Investment Objectives & Advice

Time Diversification: Lump Sum vs In Parts

There is an ongoing debate for many years about investing in lump sum or in Parts over 6 to 12 months. I have met and heard people from both the camps and they have a pretty strong view on their own philosophy. Though in reality the answer always in between and depends on individual. Personal finance is always about personal choices and you should chose the option after understanding the options correctly vs just making decision based on perception. Today, I will try to put my perspective on the same topic but let us first understand the concept of XIRR, a method to calculate returns for intermittent investing in parts.

Rate of return is a simple concept, for a years if you invest INR 12,000 and after a year if you get INR 13,800 your rate of return is “(13800 / 12000) – 1” = 0.15 or 15%. Though if i invest the amount in a monthly fashion INR 1,000 every month, this creates a problem. In this scenario the money invested in first month stays invested for full 12 months and the money invested in second month stays invested for 11 months, similarly the money invested in 12th month stay invested for a month only. Therefore returns on each investments differ due to different period of investment.

Return on 1st installment = 1000 x 15% x 12/12 = 150; Return on 2nd installment = 1000 x 15% x 11/12 = 137.5; Return on 3rd installment = 1000 x 15% x 10/12 = 125; ..Return on 12th Installment = 1000 x 15% x 1/12 = 12.5. Overall Return = 150 + 137.5 + 125 + … + 12.5 = 860, So for same 15% return in this case the amount received will be INR 12,860. The absolute return here on overall investment is “(12860/12000)-1” = 0.072 or 7.2% but mathematically the true rate of return is 15%.

Now let’s come back to the original quest to understand “Should we invest lump sum or in Parts?”. To understand this, I ran the analysis on Nifty 50 TRI from Jan 2000 to Mar 2019 data. Case 1: when we invest INR 12,000 in one go and measured the returns over the first year, Case 2: when we invest INR 1,000 in 12 parts monthly and measure the returns after the first year in XIRR as well as Absolute terms. Why just 1st year returns, because after first year you will be 100% invested so any returns post that will be same in both scenario.

Lumpsum vs in Parts

If you look at the first two bars that the Lump sum returns as well as XIRR returns are having similar distribution in each buckets for example 35% times the returns of lump sum investing is in range of 0% – 20% and so is for in parts investing in terms of XIRR. Therefore, there is no major difference of investing in lump sum or in Parts if you compare on XIRR. Though when you look in terms of absolute the story is quite different, there is only 4% chance to get <-15% returns vs 10% chance in terms of lump sum investing. This comes at the cost of giving up upside potential of generating returns >50% in lump sum 10% chance vs 0% chance to get such absolute returns while investing in parts.

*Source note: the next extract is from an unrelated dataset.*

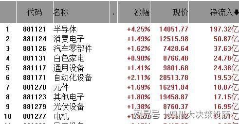 从行业板块资金净流入来看,半导体、消费电子、汽车零部件净流入排名前三,白色家电、通用设备、自动化设备等紧随其后。
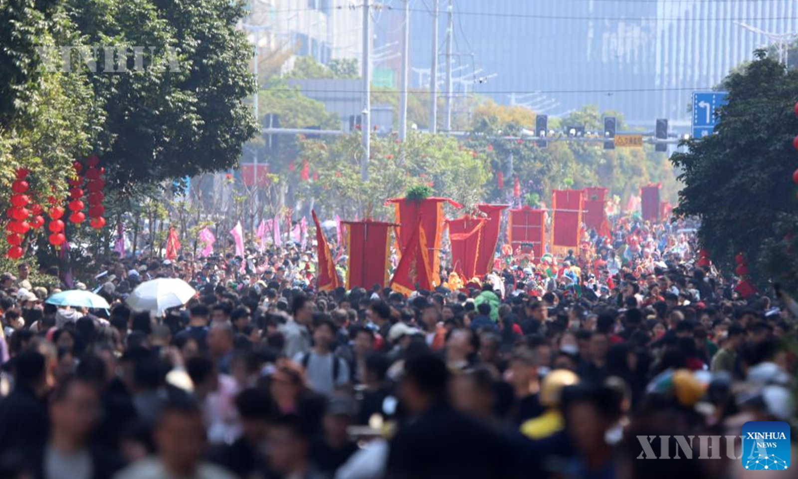 People enjoy performances during a Yingge dance carnival event celebrating the Spring Festival in Chaoyang District of Shantou, south China’s Guangdong Province on Feb. 21, 2026. (Photo by Yao Jun/Xinhua)

What it means is that if you are having a aggressive risk profile and you do not need downside protection, then yes please go ahead to invest lump sum. Or you are an expert investor who can predict the market more accurately by active investing, then you can invest in lump sum and avoid the downside by predicting the market movements. For all other investors who do not know about market moves and are prudent to avoid downside, It is always suggest to invest your lump sum money over 6-12 monthly parts.

Please note this do not highlight that you should not do SIPs or regular monthly investing. This analysis is to be used only for your large sums like your Bonuses or withdrawal from insurance policies, PPFs/EPFs etc where the investment amount is quite high vs your regular monthly saving. The analysis here is for 100% equity investing using Nifty so you can still think of lump sum investing in funds where fund manager keeps juggling between asset classes like Multi Asset fund or Balanced advantage funds.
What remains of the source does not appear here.